Global Events Live* CEO Chris Hunt accepted blame, calling Kiss' booking an "oversight."

"Under the circumstances, we fully agree that even though Kiss is a band Michael admired, we have no choice but to rescind our invitation to them to appear in our tribute concert," Hunt wrote in a statement.

A spokeswoman for the band was not immediately available for comment.

It is the latest stumble for a show that is endorsed by Jackson's mother and several siblings but is opposed by brothers Jermaine and Randy. 

The brothers have noted that the show is scheduled to happen during the involuntary manslaughter trial of a doctor charged in Michael Jackson's death.

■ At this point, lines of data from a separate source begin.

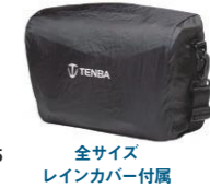
全サイズレインカバー付属
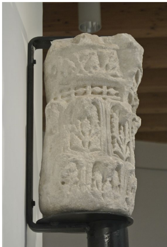
Fig. 19. Vista de la cara lateral izquierda del capitel, con perforación realizada a trépano en una de las hojas de acanto de la parte izquierda de la corona inferior.
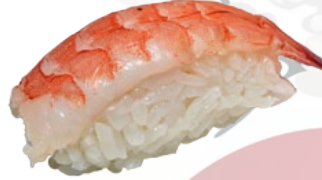
3. EBI RAUWE GARNAAL
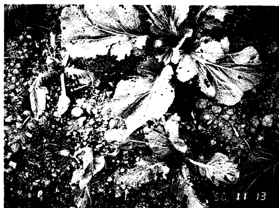
▲健康株與發病株生長差異明顯，病株主根結瘤，根系喪失。
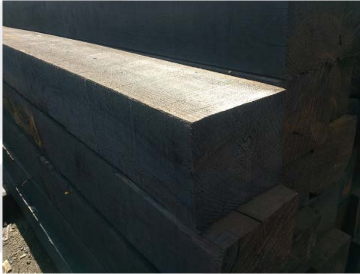
Durmientes de pino impregnados.
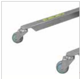
360° dönebilen ön tekerlekler
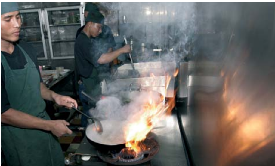
Mith Samlanh betreibt in Phnom Penh ein Restaurant, in dem ehemalige Straßenkinder als Köche oder Kellner arbeiten.
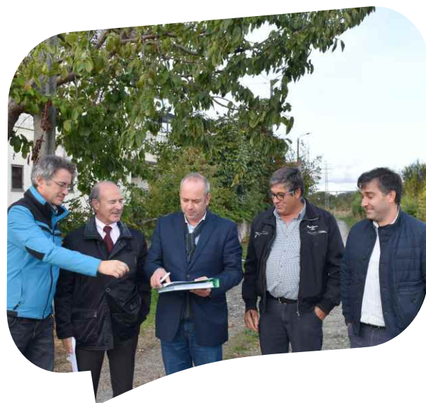
Consignação de Pavimentação em Ferreirinho

Fans have protested ticket prices -- which start at nearly $100 -- the lineup and the show's faraway location since "Michael Forever - The Tribute Concert" was announced last month.

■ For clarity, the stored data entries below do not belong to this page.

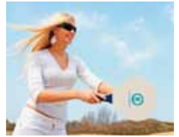
Beachbalset, 2 rackets en 1 bal € 4,00
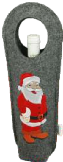
TORBA NA WINO
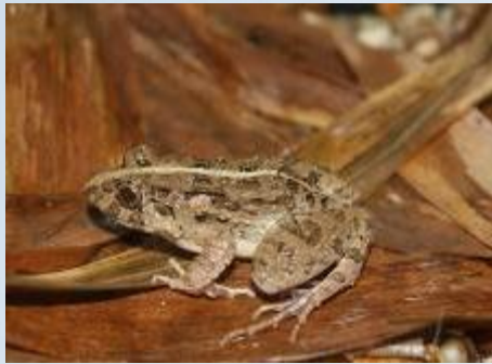
กบหนอง ( Fejervarya limnocharis )
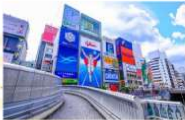
SHOPPING AT SHINSAIBASHI

Howard Weitzman, an attorney for Jackson's estate, questioned the show in a letter sent to Hunt on Tuesday, questioning whether any of the show's proceeds would be going to charity, as promoters have claimed.

Kiss' departure leaves Smokey Robinson, Christina Aguilera and Cee Lo Green as the show's superstars.

From CNN.com


----------



## Big Smoothy (Aug 16, 2011)

I like Gene Simmons attitude about life and his music.  Smart guy, (well, he's a Jew born Chaim Weitz), and never has been high according to him. 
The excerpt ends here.